I have to download a 250mb~ ZIP File password encrypted through FTP. After downloaded I have to unzip it with a common password, the Zip file would contain an 1.5GB MS Access DB that I have to read and make some joins with some tables in my DB Oracle and transform and load that Data into that Oracle DB.
I'm looking for the best way to do this process. I'm a c# developer, so my first thought was to use c#, download the file via FtpClient or FtpWebRequest, then use a zip library like DotNetZip and open the MS Access dataBase via ODBC and load the records into Oracle with ODP.NEt, I think that's is my "easy way", cuz I know how to do it.
But since this a big file and I know this could take a long time, I'm concerned about time and efficiency and how to reduce the time of this process.
So I'm thinking that processing all the request directly into oracle(download the FTP from there, unzip it there, and process the information directly in there would reduce times like passing record by record from c# to oracle) should reduce the time of this process, but I'm not sure if this is the correct way of doing this.
So I started to look into librarys from oracle that could do what I'm trying to archieve and I found the PLSQL-utils and seems like they can do everything that I need except reading the MS Access DataBase and I started looking about that and found the Heterogeneous Services but I have never used them so I'm little lost about that.
Also I heard once that I could use Java directly from Oracle, and I know java can connect to MS Access via JDBC. So I searched about that and found something about Calling Java Methods in Oracle Database
That's what I have so far, but I don't know which method should I use, I mean, RDBMS as far as I know, are meant for processing data but not for programming things like downloading files or something like that, that's why we have OOP's languages.
As an additional information, this process is going to execute once or twice for month so I have to schedule it, if it is in oracle, can easily be done with an schedule job, or in c# with a Scheduled Task or Windows Service (those are the tools that I know)
Some restrictions that I have
- My client don't have a MS SQL Server and neither can buy a license for it (So I cannot use DTSX for this process)
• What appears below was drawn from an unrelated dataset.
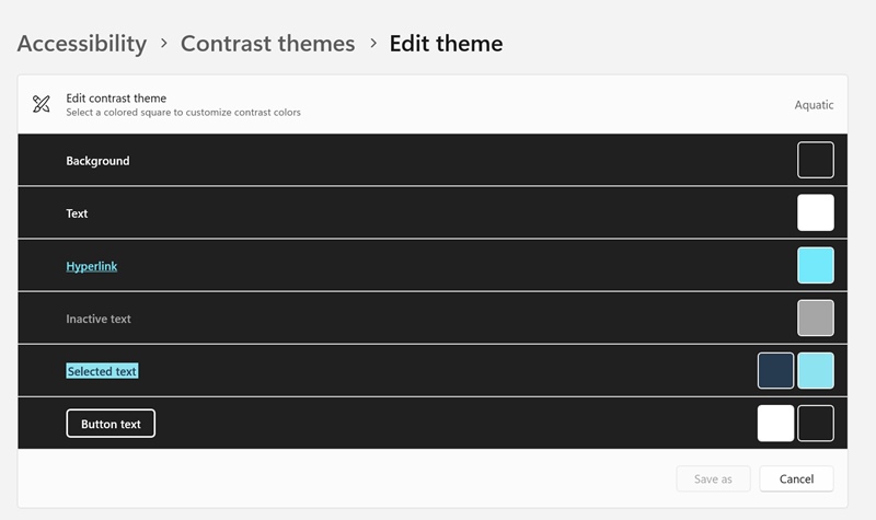 4. [コントラスト テーマ] ドロップダウンをクリックし、リストからいずれかを選択します。をクリックします。編集ボタンをクリックしてテーマを変更します。

- In the Oracle production server maybe I won't have enough permissions to do all the things, but I can comply for those if they are the best for the process
- If a backend server (Java, c# hosted on IIS or WebLogic or JBoss or anykind) is going to be required, this Server and the Oracle Server would be differents
- Oracle database hosted on Unix Server
Being said all of this, how can I efficiently do all this process, should I use .net and load record by record in my Oracle DataBase? Should I do everything in oracle?Or none of this? Is there a better way to do this?